Input data.

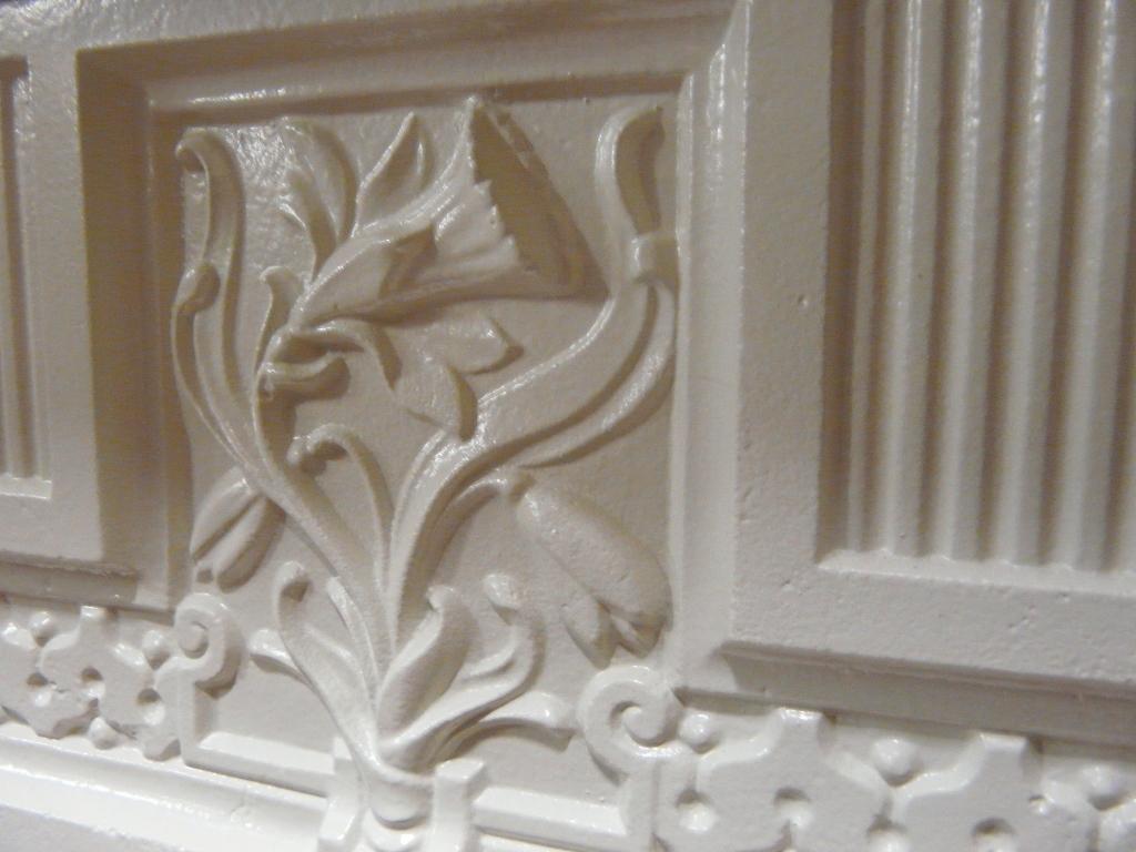 A pretty Arts and Crafts bedroom fireplace with an impressive stylised sunrise on the hood and a single daffodil above. In excellent condition, complete with new back and grate. Finished in Heirloom White paint. From a house in LLandudno. Circa 1895.
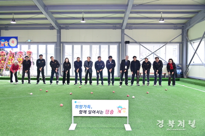 청송군(군수 윤경희)은 지난 10일 부남면 대전리 생활체육공원에서 지역 주민들의 오랜 숙원사업이었던 ‘부남 전천후 게이트볼장’ 준공식을 개최했다.
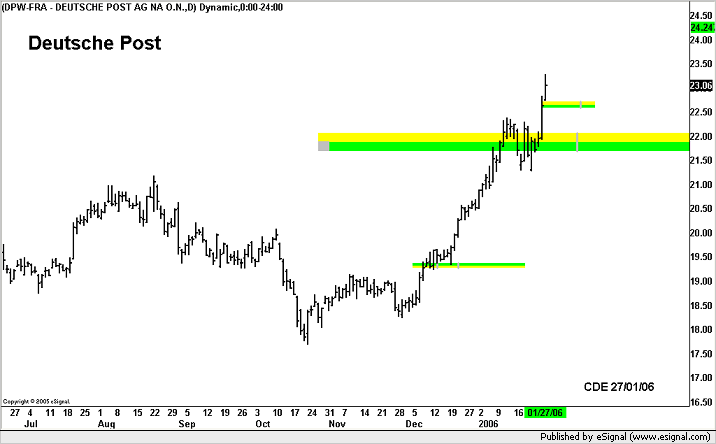 Deutsche Post Settore Industriale quotato a Francoforte.Segnale di rialzo sul Weekly con chiusura > 22.80. Acquistare in apertura Stop < 22.30 daily close
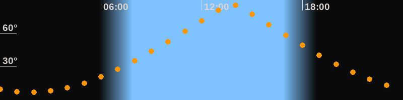 | Höchster Stand (Kulmination) | 13:48 Uhr (h = 85,8°) |

Exercise.
Repeat the listing above from its first line through the line that contains "Deutsche Post Settore", both included, and nothing more. Drop the pictures.

Solution to the problem.
 A pretty Arts and Crafts bedroom fireplace with an impressive stylised sunrise on the hood and a single daffodil above. In excellent condition, complete with new back and grate. Finished in Heirloom White paint. From a house in LLandudno. Circa 1895.
 청송군(군수 윤경희)은 지난 10일 부남면 대전리 생활체육공원에서 지역 주민들의 오랜 숙원사업이었던 ‘부남 전천후 게이트볼장’ 준공식을 개최했다.
 Deutsche Post Settore Industriale quotato a Francoforte.Segnale di rialzo sul Weekly con chiusura > 22.80. Acquistare in apertura Stop < 22.30 daily close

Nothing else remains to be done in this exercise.